当有人问我有关使用 C++的指导时, 我总是首先问他们已有的编程经验经验。 有些人刚开始学习编程,并决定学习 C++作为他们的第一门编程语言; 有些人已经掌握了少量的 C++,并且想要学习更多; 而有些人已经使用了其他语言编程多年,然后尝试学习一些 C++。 因为不同的人有不同的背景以及不同的学习目标, 所以我会推荐一些不同的材料。

不过,我想提到的一件事是,仅仅阅读书籍或观看视频并不是学习的最佳策略。 无论您处于什么阶段,把学到的知识用到实践中都非常重要,因此开始进行一些编程项目会对你的学习很有帮助。

另外一件我想提到的是, 我在这里推荐到资源基本上都是英文资源。 我强烈建议您试图通过英文资源来学习, 因为您只通过中文来学习编程, 那么您将失去使用绝大多是好的学习资料的机会。

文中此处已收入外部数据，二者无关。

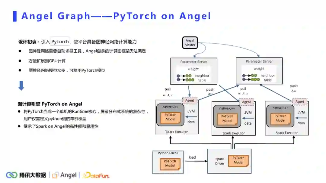 Sparkon Angel是一个基于PS结构的高性能图计算引擎。其架构如上图所示,上面是angel,下面是spark。Spark负责分布式计算,Angel负责存储图模型,主要做内容的随机读取和访问。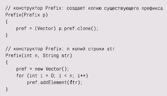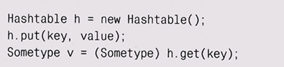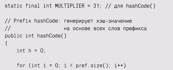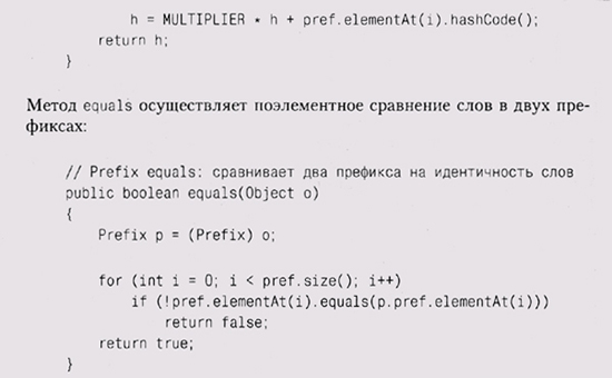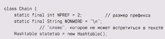 Java Вторую реализацию алгоритма markov мы создадим на языке Java. Объектно-ориентированные языки вроде Java заставляют нас обращать особое внимание на взаимодействие между компонентами программы. Эти компоненты инкапсулируются в независимые элементы данных, называемые объектами или классами; с ними ассоциированы функции, называемые методами. Java имеет более богатую библиотеку, чем С. В частности, эта библиотека включает в себя набор классов-контейнеров (container classes) для группировки существующих объектов различными способами. В качестве примера можно привести класс Vector, который представляет собой динамически растущий массив, где могут храниться любые объекты типа Object. Другой пример— класс Hashtable, с помощью которого можно сохранять и получать значения одного типа, используя объекты другого типа в качестве ключей. В нашем приложении экземпляры класса Vector со строками в качестве объектов — самый естественный способ хранения префиксов и суффиксов. Так же естественно использовать и класс Hashtable, ключами в котором будут векторы префиксов, а значениями — векторы суффиксов. Конструкции подобного рода называются отображениями (тар) префиксов на суффиксы; в Java нам не потребуется в явном виде задавать тип State, поскольку Hashtable неявным образом сопоставляет префиксы и суффиксы. Этот дизайн отличается от версии С, где мы создавали структуры State, в которых соединялись префиксы и списки суффиксов, а для получения структуры State использовали хэширование префикса. Hashtable предоставляет в наше распоряжение метод put для хранения пар ключ-значение и метод get для получения значения по заданному ключу:

如果我刚刚开始学习编程并选择 C++作为我的第一门编程语言,我该怎么做?

对于编程初学者来说,我推荐 Bjarne Stroustrup(C++之父)的《C++程序设计:原理与实践》第二版(Programming: Principles and Practice Using C++ 2nd edition)。 这本书有中文翻译,不过就像我之前说的,如果您有一点的英文阅读能力,我建议您阅读原版。 因为这本书很厚,所以您不一定能够坚持看完整本,但是无论您看了多少页你都能学到东西。

如果您不想要看书, C++专家 Kate Gregory 在 Pluralsight 网站上提供了不少的视频教程。 其中她的入门教程是Learn to Program with C++。 如果你加入#include<c++> discord 服务器, 你可以在服务器内直接为她要一份试用码。

如果我以前已经学习过一些 C++并且想更深入地学习,我该怎么做?

也许您已经从大学数据结构课程中使用过一些 C++, 又或者您学习了一些使用 C++的在线教程, 接下来该做什么?

根据我的个人经历以及我所听闻的, 大多数大学编程课程或那些在线教程的质量都偏低,而且讲师通常对 C++一知半解。 您可能会被之前的学习资源所误导,并且学习到了一些错误的实践或者是对概念的误解。 因此,选择正确的学习资料是对高效学习十分重要的一点。

在这种情况下,我同样会推荐 Bjarne Stroustrup 的《C++程序设计:原理与实践》第二版。 你可以看书看得比纯粹初学者更快一些,不过使用该书来系统地查漏补缺依然很有好处。 如果您更喜欢视频教程, 可以从 Kate Gregory 的C++ Fundamentals Including C++17开始。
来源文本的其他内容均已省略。